### Task
Reproduce every record below word for word and include no pictures.

### Data records
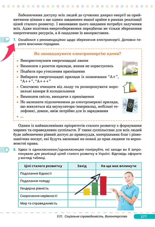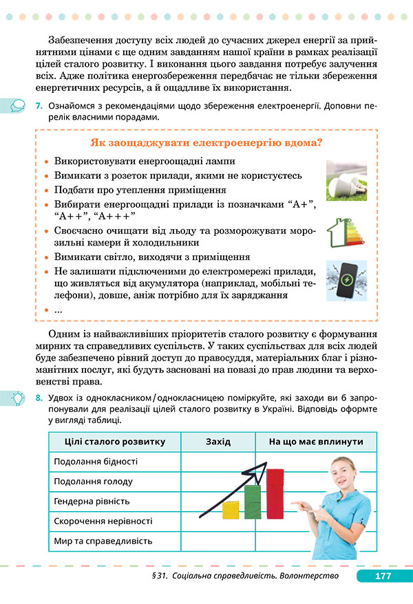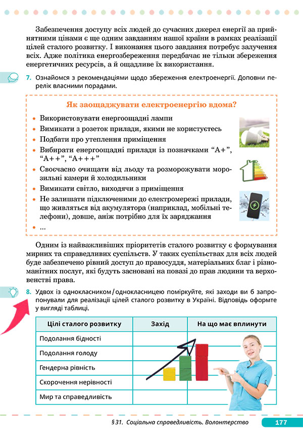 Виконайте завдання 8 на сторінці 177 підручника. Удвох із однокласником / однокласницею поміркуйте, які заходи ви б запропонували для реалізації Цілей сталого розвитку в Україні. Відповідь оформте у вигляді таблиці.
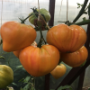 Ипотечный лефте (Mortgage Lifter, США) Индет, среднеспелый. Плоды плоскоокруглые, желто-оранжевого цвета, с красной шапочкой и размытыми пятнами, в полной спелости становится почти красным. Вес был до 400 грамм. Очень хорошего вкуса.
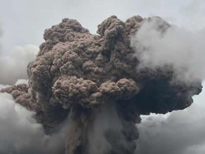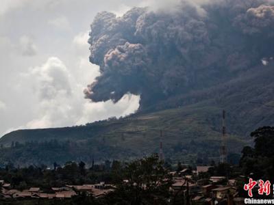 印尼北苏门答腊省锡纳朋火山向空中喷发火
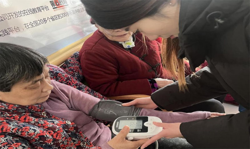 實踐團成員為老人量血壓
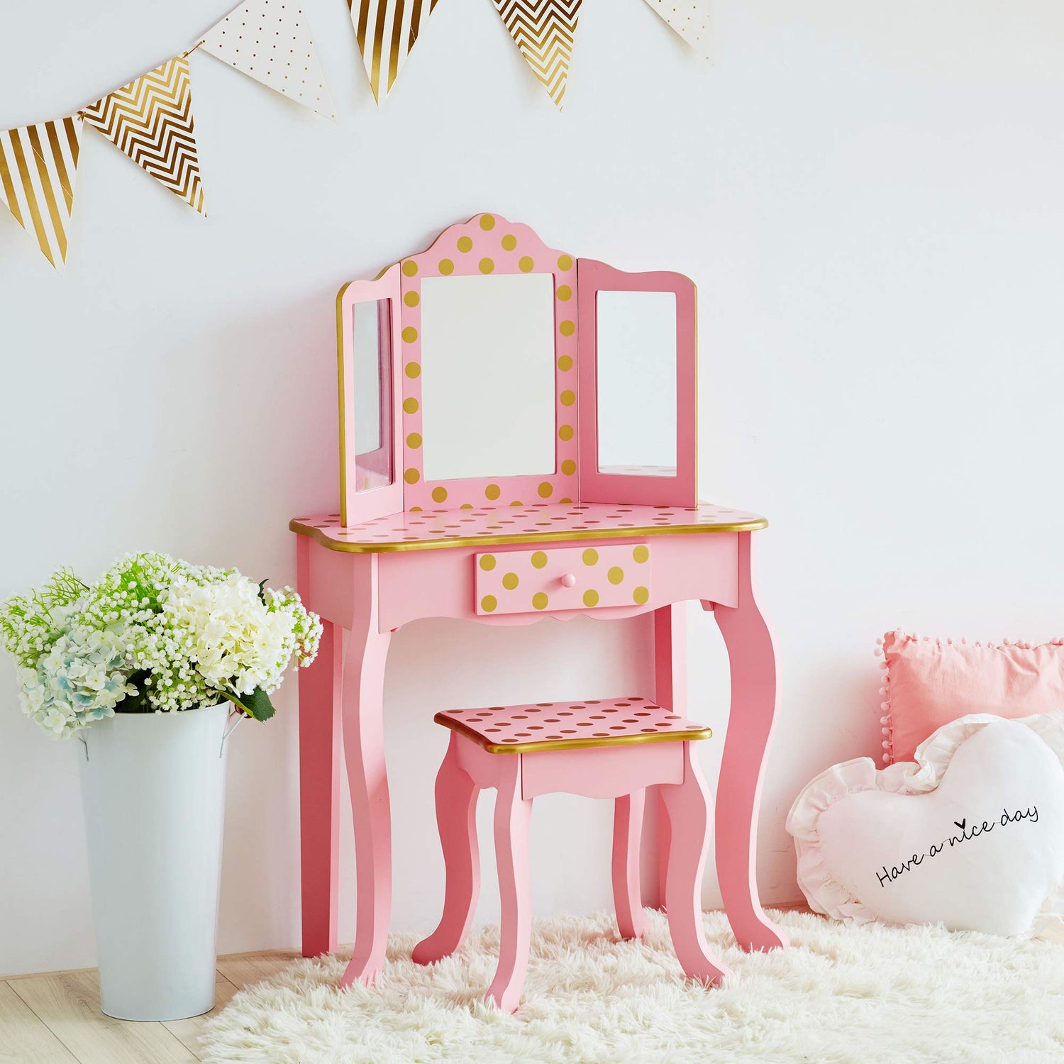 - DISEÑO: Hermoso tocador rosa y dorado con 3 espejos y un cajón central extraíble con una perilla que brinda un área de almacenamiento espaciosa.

### Answer space
 Виконайте завдання 8 на сторінці 177 підручника. Удвох із однокласником / однокласницею поміркуйте, які заходи ви б запропонували для реалізації Цілей сталого розвитку в Україні. Відповідь оформте у вигляді таблиці.
 Ипотечный лефте (Mortgage Lifter, США) Индет, среднеспелый. Плоды плоскоокруглые, желто-оранжевого цвета, с красной шапочкой и размытыми пятнами, в полной спелости становится почти красным. Вес был до 400 грамм. Очень хорошего вкуса.
 印尼北苏门答腊省锡纳朋火山向空中喷发火
 實踐團成員為老人量血壓
 - DISEÑO: Hermoso tocador rosa y dorado con 3 espejos y un cajón central extraíble con una perilla que brinda un área de almacenamiento espaciosa.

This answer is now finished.